### Directions
Produce a verbatim copy of the data below that contains no pictures.

(Items listed in a dataset)
- - - -

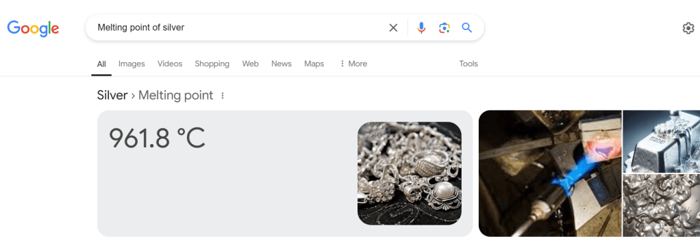 Uthibitisho wa Melting Point Ya Silver kutoka katika Google. Allahu Akbar.
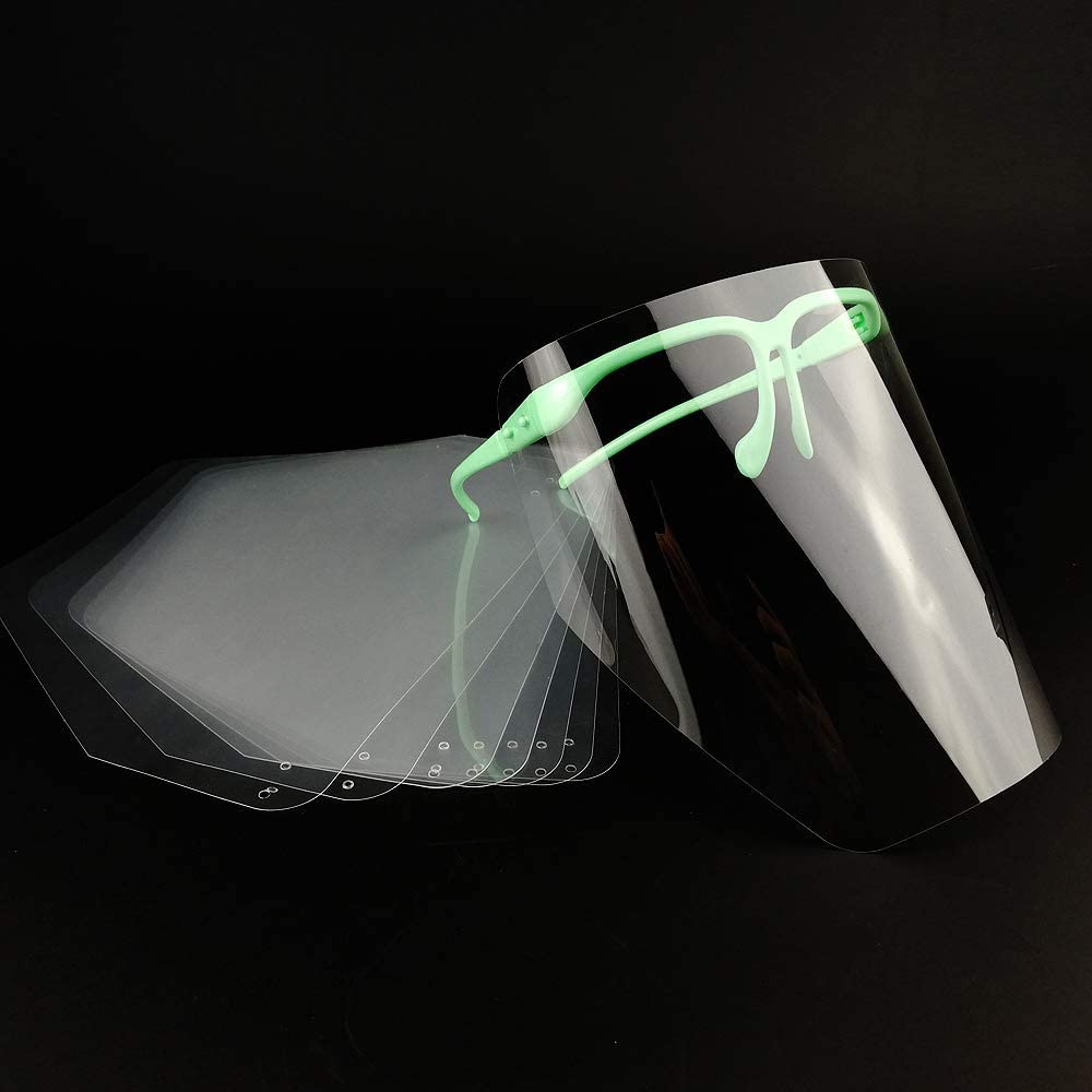 Adjustable Full Face Shield with 10 pieces of CLEAR Detachable Visors. Made of super transparent, recyclable PET material
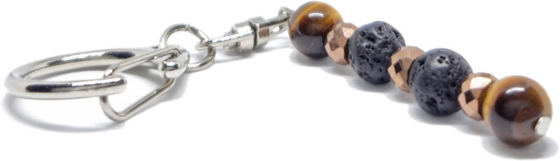 Kiváló minőségű valódi bazalt ásványból készült ásvány kulcstartó. A hólyagos bazalt egyedi, texturált felülete és sötét árnyalatai különleges megjelenést adnak, miközben az erő és az állhatatosság szimbólumaként viselhető. A kulcstartó valódi hólyagos bazalt, tigrisszem 8-9 mm ásványból és hematit dísszel készült. Az ásvány, kulcstartó formában viselv
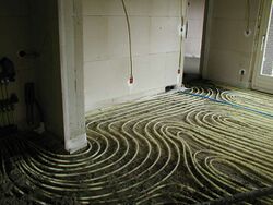 Also known as "radiant heat", underfloor heating uses a network of pipes, tubing or heating cables, buried in or attached beneath a floor to allow heat to rise into the room. Best results are achieved with conductive flooring materials such as tile. The large surface area of such room-sized radiators allows them to be kept just a few degrees above desired room temperature, minimizing convection. Underfloor heating is more expensive in new construction than less efficient systems. It also is generally difficult to retrofit into existing buildings.
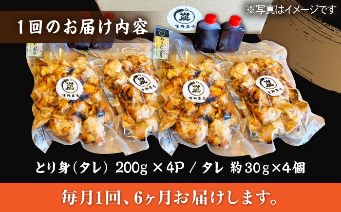 食卓に1品プラス。串から外れた食べやすい焼き鳥です。 【6回定期便】本格炭火焼 やきとり パラちゃん タレ 200g×4パックセット/すみまる [UDH062]
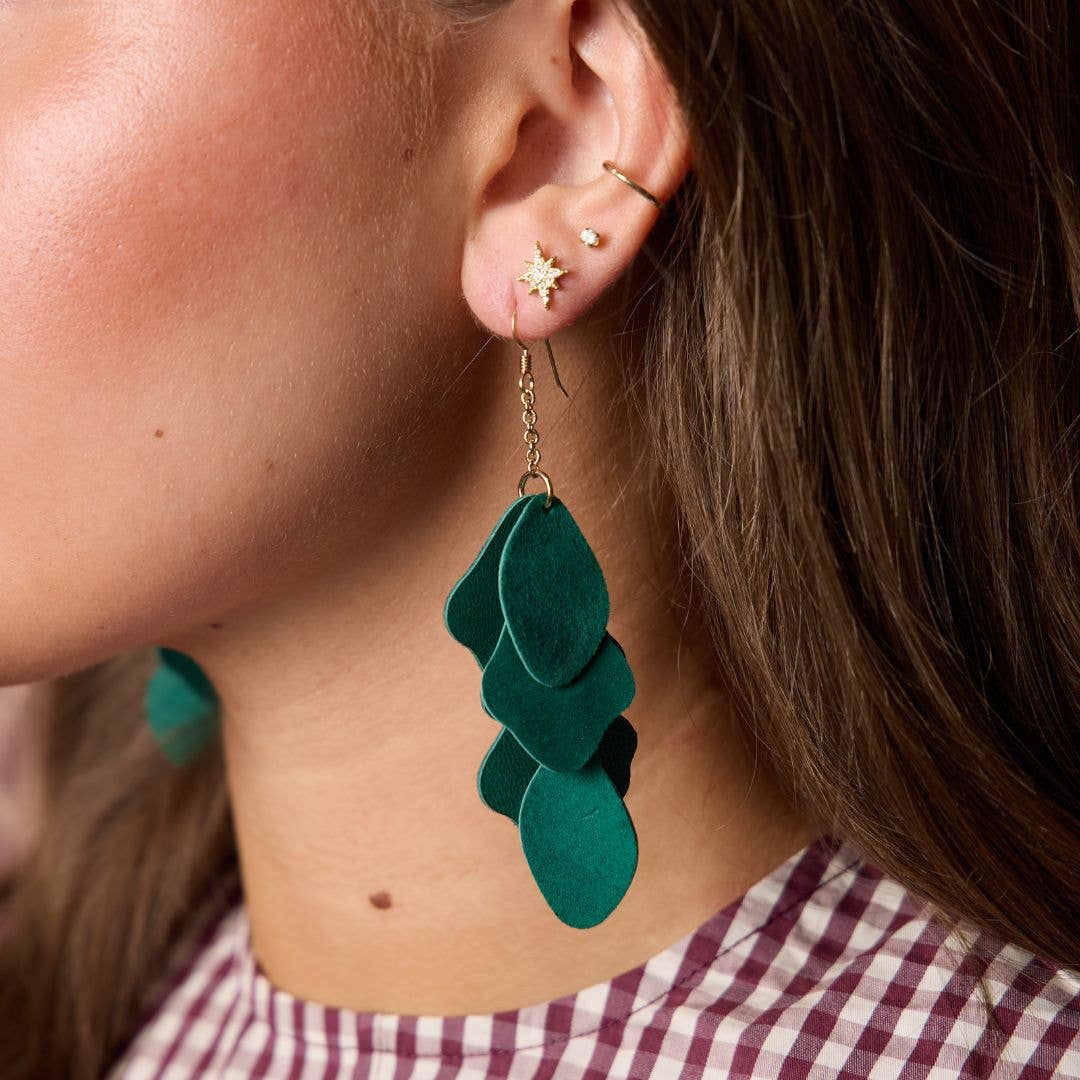 This layered statement earring is designed to be incredibly soft with lots of volume and a subtle sway. Crafted with Mistletoe Suede leather attached to chains, this versatile piece will go with anything.
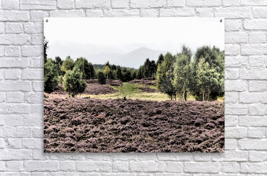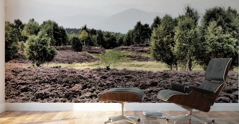 I took this photo during a lovely summer nature walk through the Scottish Highlands. Features a lush expanse of heather stretching across the foreground, adding a mauve hue to the landscape. In the distance, a line of trees stands tall against a backdrop of gentle mountains and a pale sky. The scene evokes a sense of tranquility and natural beauty.
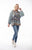 Boho style top with a pleat yoke and body in 1 print and a lighter colored bat wing sleeve in a contrast print, border print on the body, round neck with a small V to the button opening with goes down to the bottom of the yoke.
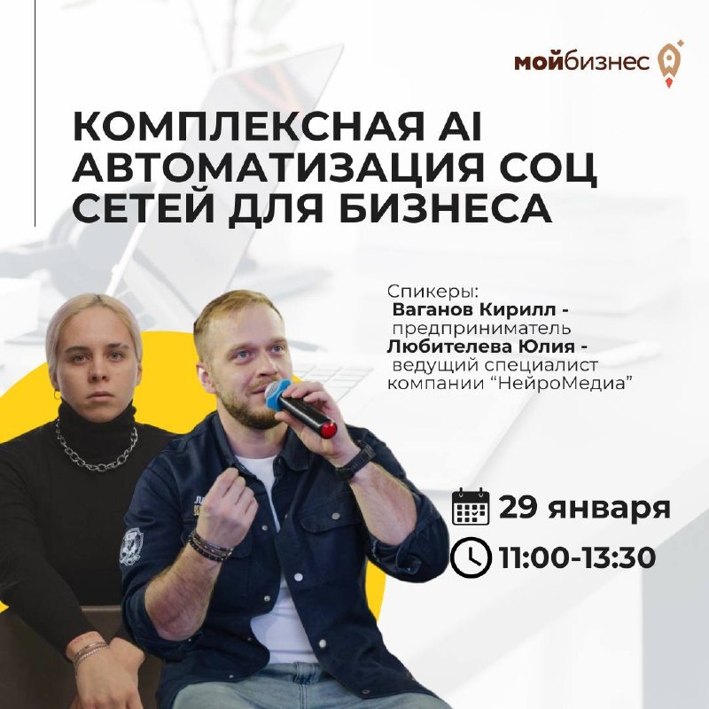 » 🗓 ДАТА: 29 января 2026 г. (четверг) ⏰ ВРЕМЯ: 11:00 📍 МЕСТО: пл.Дзержинского, д.3, вход с ул.Кирова, здание ТПП 🎯 СПИКЕРЫ И ПРОГРАММА: 1️⃣ «Искусственный интеллект. Тренд или неизбежность» - спикер Ваганов Кирилл, предприниматель, общественный и политический деятель. 2️⃣ «Автоматизация социальных сетей. Комплексное решение на основе искусственного интеллекта» - спикер Любителева Юля, ведущий специалист компании «НейроМедиа» Ответы на какие вопросы вы получите: БЛОК №1 ▪️Что такое Искусственный интеллект и с чем его едят? ▪️Важно ли предпринимателю использовать ИИ в бизнес-процессах? ▪️Как масштабировать бизнес за счет внедрения ИИ в СММ? БЛОК №2 ▪️Как заставить ИИ приводить тебе клиентов? ▪️Презентация сервиса по автоматизации всех популярных социальных сетей. 💰 СТОИМОСТЬ: в рамках программы поддержки - бесплатно! 📌 РЕГИСТРАЦИЯ ОБЯЗАТЕЛЬНА: по ссылке Ваш центр «Мой бизнес» ✅ Канал «Мой бизнес» в МAX

- - - -

### Result for this exercise
 Uthibitisho wa Melting Point Ya Silver kutoka katika Google. Allahu Akbar.
 Adjustable Full Face Shield with 10 pieces of CLEAR Detachable Visors. Made of super transparent, recyclable PET material
 Kiváló minőségű valódi bazalt ásványból készült ásvány kulcstartó. A hólyagos bazalt egyedi, texturált felülete és sötét árnyalatai különleges megjelenést adnak, miközben az erő és az állhatatosság szimbólumaként viselhető. A kulcstartó valódi hólyagos bazalt, tigrisszem 8-9 mm ásványból és hematit dísszel készült. Az ásvány, kulcstartó formában viselv
 Also known as "radiant heat", underfloor heating uses a network of pipes, tubing or heating cables, buried in or attached beneath a floor to allow heat to rise into the room. Best results are achieved with conductive flooring materials such as tile. The large surface area of such room-sized radiators allows them to be kept just a few degrees above desired room temperature, minimizing convection. Underfloor heating is more expensive in new construction than less efficient systems. It also is generally difficult to retrofit into existing buildings.
 食卓に1品プラス。串から外れた食べやすい焼き鳥です。 【6回定期便】本格炭火焼 やきとり パラちゃん タレ 200g×4パックセット/すみまる [UDH062]
 This layered statement earring is designed to be incredibly soft with lots of volume and a subtle sway. Crafted with Mistletoe Suede leather attached to chains, this versatile piece will go with anything.
 I took this photo during a lovely summer nature walk through the Scottish Highlands. Features a lush expanse of heather stretching across the foreground, adding a mauve hue to the landscape. In the distance, a line of trees stands tall against a backdrop of gentle mountains and a pale sky. The scene evokes a sense of tranquility and natural beauty.
 Boho style top with a pleat yoke and body in 1 print and a lighter colored bat wing sleeve in a contrast print, border print on the body, round neck with a small V to the button opening with goes down to the bottom of the yoke.
 » 🗓 ДАТА: 29 января 2026 г. (четверг) ⏰ ВРЕМЯ: 11:00 📍 МЕСТО: пл.Дзержинского, д.3, вход с ул.Кирова, здание ТПП 🎯 СПИКЕРЫ И ПРОГРАММА: 1️⃣ «Искусственный интеллект. Тренд или неизбежность» - спикер Ваганов Кирилл, предприниматель, общественный и политический деятель. 2️⃣ «Автоматизация социальных сетей. Комплексное решение на основе искусственного интеллекта» - спикер Любителева Юля, ведущий специалист компании «НейроМедиа» Ответы на какие вопросы вы получите: БЛОК №1 ▪️Что такое Искусственный интеллект и с чем его едят? ▪️Важно ли предпринимателю использовать ИИ в бизнес-процессах? ▪️Как масштабировать бизнес за счет внедрения ИИ в СММ? БЛОК №2 ▪️Как заставить ИИ приводить тебе клиентов? ▪️Презентация сервиса по автоматизации всех популярных социальных сетей. 💰 СТОИМОСТЬ: в рамках программы поддержки - бесплатно! 📌 РЕГИСТРАЦИЯ ОБЯЗАТЕЛЬНА: по ссылке Ваш центр «Мой бизнес» ✅ Канал «Мой бизнес» в МAX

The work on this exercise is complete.